I shook my head. None of what she was saying made sense.

“I stayed in Alice until he was born. I thought your dad might see reason. I tried to see you, Charlie, I tried so many times…”

She’d put her hand out as if to touch my arm, and I’d pulled away quickly, unsteady. Then Travis had pulled me inside the house and George was telling her to leave, and I couldn’t breathe.

And there it was, a heaviness that pressed against my chest, a feeling so familiar and horrible.

How could so few words weigh so damn much?

* * * *

Travis and I sat not far from where we’d stopped. He’d found a bit of a rise, and we sat there until the sun headed toward its western bed. First he listened to me rant and rave, and then he listened to me sayin’ a whole lotta nothing. He was just there, so full of patience, that it was clear how stupid I was thinkin’ I could possibly live without him back not so long ago.
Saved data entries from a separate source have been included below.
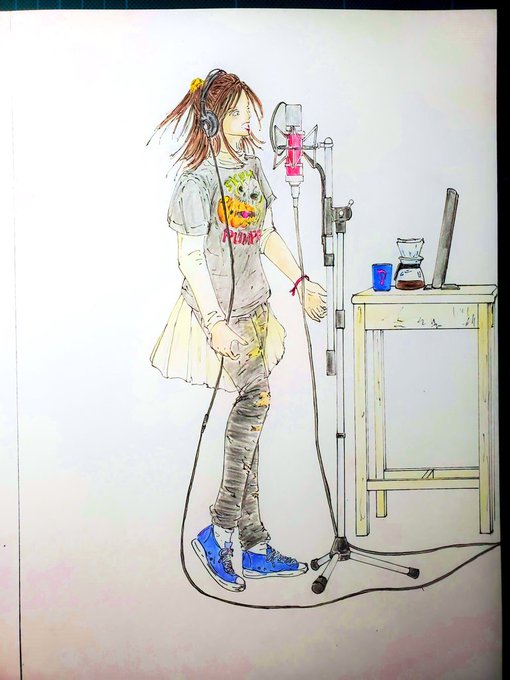10/2投稿のをフルカラー⁉️にした✨ #珈琲と音楽 #オリキャラ #beat #ヘッドホン女子 #コンデンサーマイク #Tシャツ #ボーカル ②が原画 右眼 結構直した(これでも苦労した💦) #みんなで楽しむTwitter展覧会 #絵描きの輪 #イラスト好きな人と繋がりたい #アトリエの系譜 #絵師さんとつながりたい
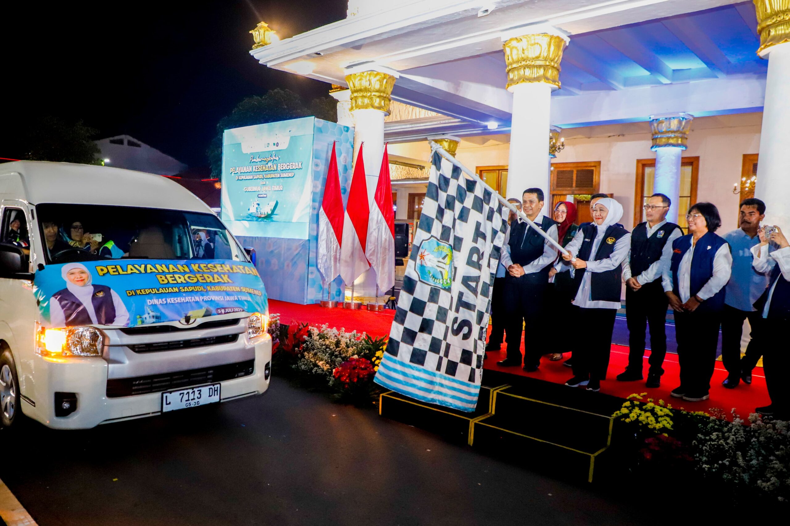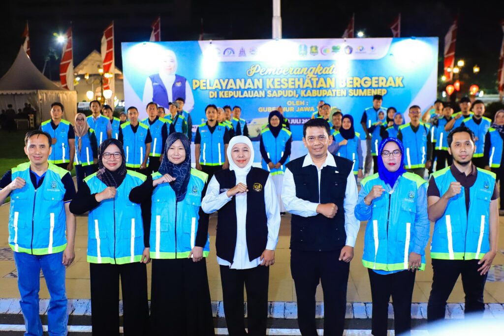 Surabaya 05 Juli 2025 | Draft Rakyat Newsroom Gubernur Jawa Timur Khofifah Indar Parawansa memberangkatkan 52 Tim Pelayanan Kesehatan (Yankes) Bergerak ke Pulau Sapudi, Kabupaten Sumenep dari halaman Gedung Negara Grahadi pada Sabtu, (5/7) dini hari.
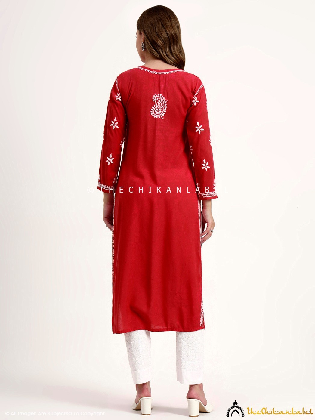 Red Rayon Chikankari Kurta for Women, Lucknowi chikan Hand-Embroidered Kurti
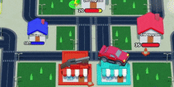 Shoot coins at your own building to increase building's health, so it is harder to be bought out by other player. Same case for the character, withdraw coins from buildings to make your character stronger, so try to find a best strategy - carry more money to be more offensive or leave most money in the bank/buildings to defend.
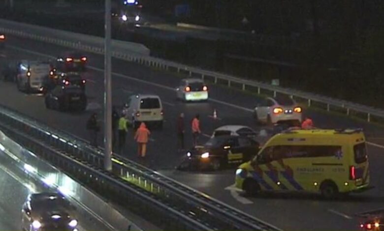 Hoe het ongeval precies kon ge beuren is niet bekend. Op beelden van Rijkswaterstaat is te zien hoe een van de betrokken auto’s overdwars op de snelweg staat. Twee rijstroken moesten worden afgesloten, waardoor de vertraging opliep tot ongeveer dertig minuten. Een ambulance werd met spoed opgeroepen.
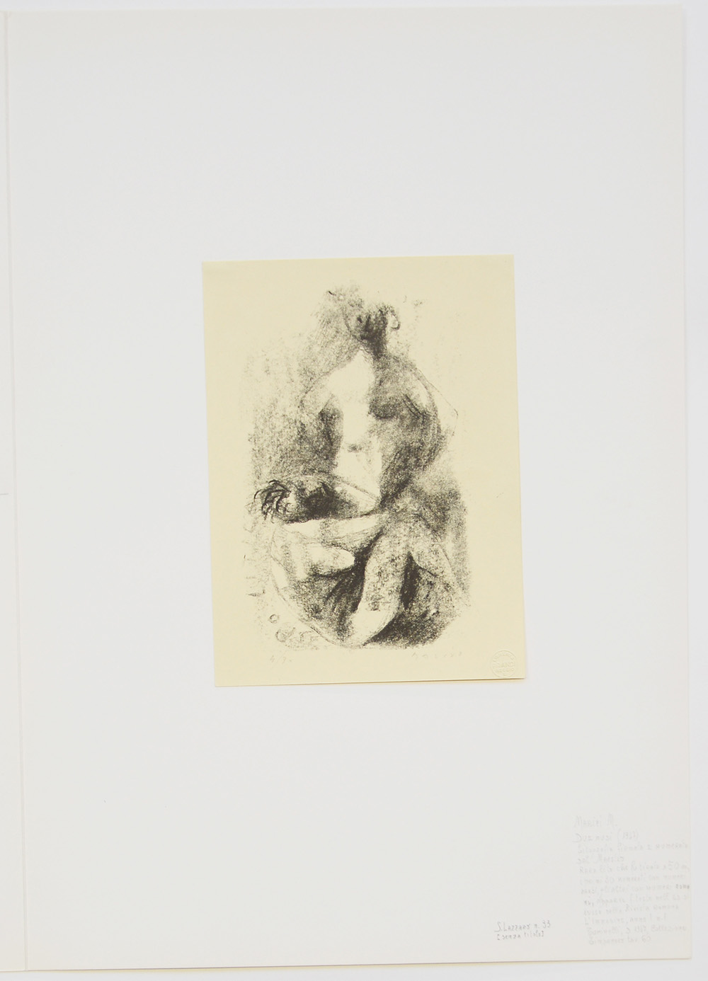 numerata 4/30 e firmata in basso a matita, timbro a secco in basso a destra "Libreria Prandi Reggio Emilia". Litografia eseguita per la rivista "L'Immagine" anno I, n. 1. maggio 1947
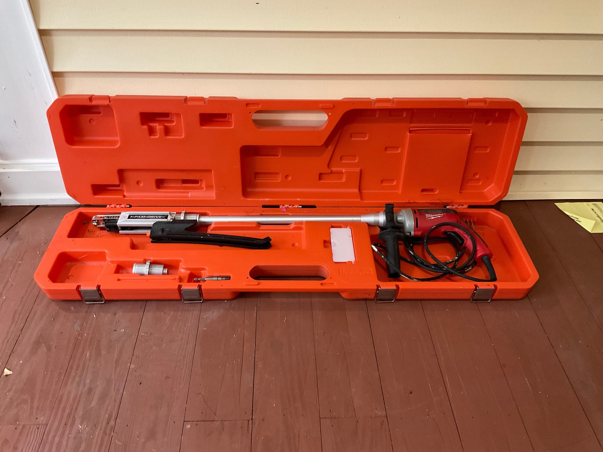 Milwaukee electric tool for floor installation. Used on one job for laying of 750 square feet of floor. Using collated screws makes it easy for floors or sheet rock ceilings. No bending and ladders once ceiling is tacked up.
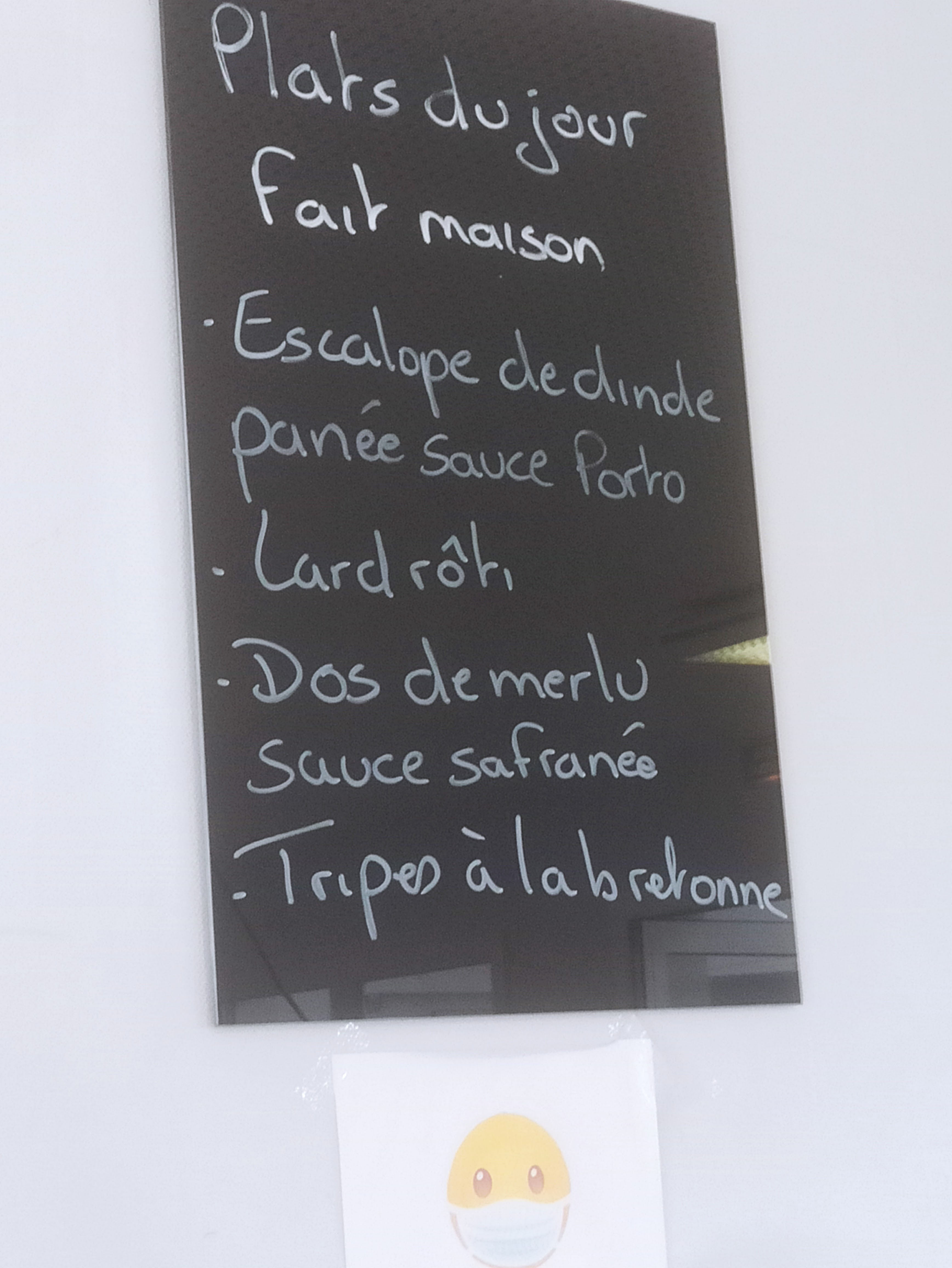 Plus de pain, 12h30, dans le plateau confinement oblige... on me met donc des restes de pain dur quantité de l'ensemble très juste plat tiède
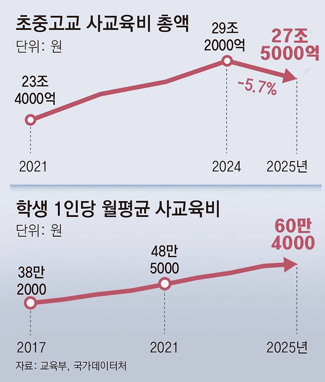 12일 교육부와 국가데이터처가 발표한 '2025년 초중고 사교육비 조사 결과'에 따르면 지난해 사교육비 총액은 27조5000억 원으로 2024년보다 5.7%(1조7000억 원) 감소했다.
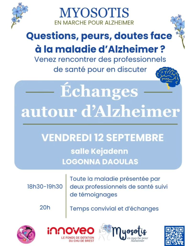Nous vous invitons à un temps d’échanges autour de la maladie d’Alzheimer, le vendredi 12 septembre à 18h30 à la salle Kejadenn de Logonna-Daoulas.
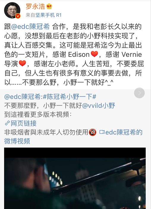 8月27日,一只靴子正式落地,小野电子烟宣布了陈冠希为其特邀品牌创意官,并推出了一支广告视频。

I took his hand and threaded our fingers together. “Thank you,” I said.

“What for?”

“For everything. For knowing what I needed. I needed room to breathe and to think, and you just knew. For knowing when I need silence or a kick in the pants.” He smiled at that, and I shrugged. “I dunno how you do it.”

He sighed, long and loud, and looked out over the desert. “Some days I think I’ve got you all figured out, then other days I realise I don’t have the first clue.”

“Sorry to keep you guessing,” I said quietly.

Travis’s laugh carried across the open plain. “Don’t ever apologise for that. I like that I have to keep guessing,” he said. “I thought you once told me that life out here was boring.”

I scoffed out a laugh. “My life used to be boring! I can still remember thinkin’ nothing ever happened out here. It wasn’t that long ago.”

His eyes went wide. It matched his smile. “You make it sound like it’s my fault!”

“It is!” I told him. “Since you got here, it’s been not-boring every day.”

Travis laughed again. “Sorry about that.”

I squeezed his hand. “You deciding to come here was the best thing to ever happen to me.”

“Ah,” he said. “I’ve told you before. I didn’t decide to come here. I
had
to come here. Once I saw the list I got to pick from, the name Sutton Station wouldn’t let me go anywhere else.”

“Like fate or something.”

“Exactly like fate or something.”

I took a deep breath and closed my eyes. “What do you think he’s like?”